For MOR tables, data is stored using columnar Parquet files and row-based Avro files. Updates are recorded in incremental files, and then synchronous/asynchronous compaction is performed to generate new versions of the columnar files. MOR tables can reduce data ingestion latency, making asynchronous compaction that does not block ingestion meaningful.

How to Execute Compaction?

  1. Schedule only
    • Spark SQL (Set the following parameters, trigger on data write)
      hoodie.compact.inline=true
      hoodie.schedule.compact.only.inline=true
      hoodie.run.compact.only.inline=false
      hoodie.compact.inline.max.delta.commits=5 // The default value is 5, but you can adjust it based on the service scenario.

      After executing any write SQL, compaction will be triggered when the condition is met (for example, there are 5 delta log files under the same file slice).

    • Spark SQL (Set the following parameters, manually trigger once)
      hoodie.compact.inline=true
      hoodie.schedule.compact.only.inline=true
      hoodie.run.compact.only.inline=false
      hoodie.compact.inline.max.delta.commits=5 // The default value is 5, but you can adjust it based on the service scenario.

      Then manually execute SQL:

      schedule compaction on ${table_name}
    • SparkDataSource (Set the following parameters in the option, trigger on data write)

      hoodie.compact.inline=true

      hoodie.schedule.compact.only.inline=true

      hoodie.run.compact.only.inline=false

      hoodie.compact.inline.max.delta.commits=5 // The default value is 5, but you can adjust it based on the service scenario.

    • Flink (Set the following parameters in the with attribute, trigger on data write)

      compaction.async.enabled=false

      compaction.schedule.enabled=true

      compaction.delta_commits=5 // The default value is 5, but you can adjust it based on the service scenario.

  2. Run only
    • Spark SQL (Set the following parameters, manually trigger once)
      hoodie.compact.inline=true
      hoodie.schedule.compact.only.inline=false
      hoodie.run.compact.only.inline=true

      Then execute the following SQL:

      run compaction on ${table_name}
  3. Execute Schedule and Run together

    If there is no compaction plan in the timeline, it will attempt to generate and execute a compaction plan.

    • Spark SQL (Set the following parameters, trigger on data write when the condition is met)
      hoodie.compact.inline=true
      hoodie.schedule.compact.only.inline=false
      hoodie.run.compact.only.inline=false
      hoodie.compact.inline.max.delta.commits=5 // The default value is 5, but you can adjust it based on the service scenario.
    • SparkDataSource (Set the following parameters in the option, trigger on data write)

      hoodie.compact.inline=true

      hoodie.schedule.compact.only.inline=false

      hoodie.run.compact.only.inline=false

      hoodie.compact.inline.max.delta.commits=5 // The default value is 5, but you can adjust it based on the service scenario.
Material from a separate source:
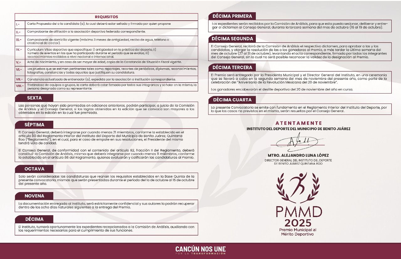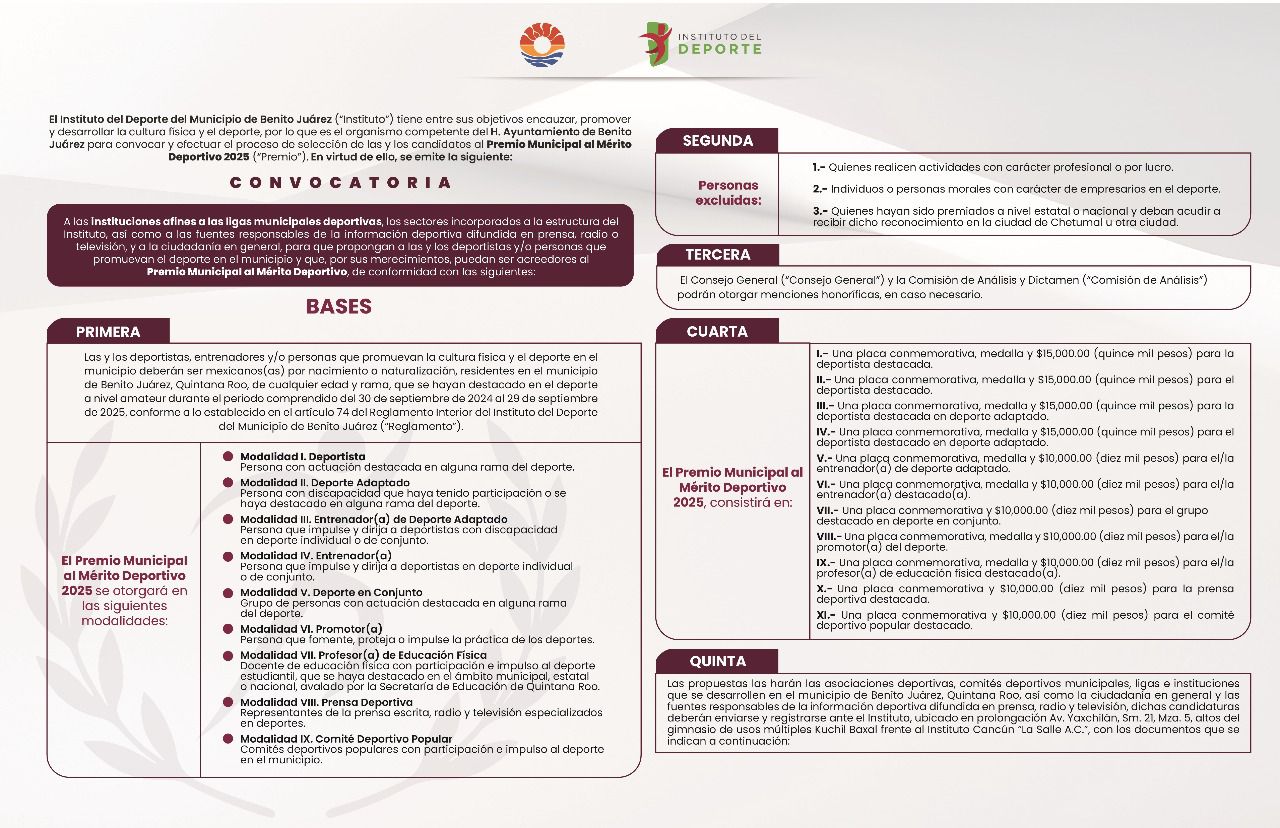 «Premio Municipal al Mérito Deportivo 2025 abre convocatoria en Benito Juárez»
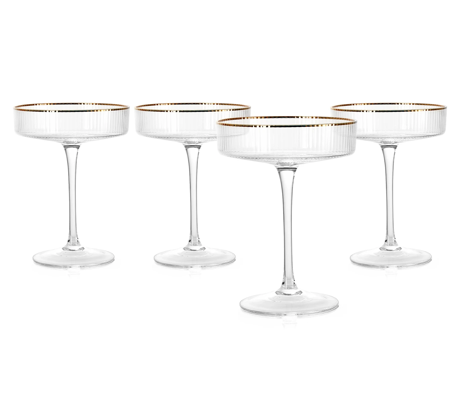 Ribbed Coupe Cocktail Glasses With Gold Rim 8 Oz | Set Of 4 | Classic Manhattan Glasses For Cocktails, Champagne Coupe, Ripple Coupe Glasses, Art Deco Gatsby Vintage, Crystal With Stems

    • Flink (Set the following parameters in the with attribute, trigger on data write)

      compaction.async.enabled=true

      compaction.schedule.enabled=false

      compaction.delta_commits=5 // The default value is 5, but you can adjust it based on the service scenario.

  4. Recommended approach
    • Spark/Flink Streaming jobs: Execute only Schedule, and then set up a separate Spark SQL job to execute Run at regular intervals.
    • Spark batch jobs: Execute Schedule and Run together directly.

      To ensure the highest efficiency of data lake ingestion, you are advised to produce the compaction schedule plan synchronously and execute the compaction schedule plan asynchronously.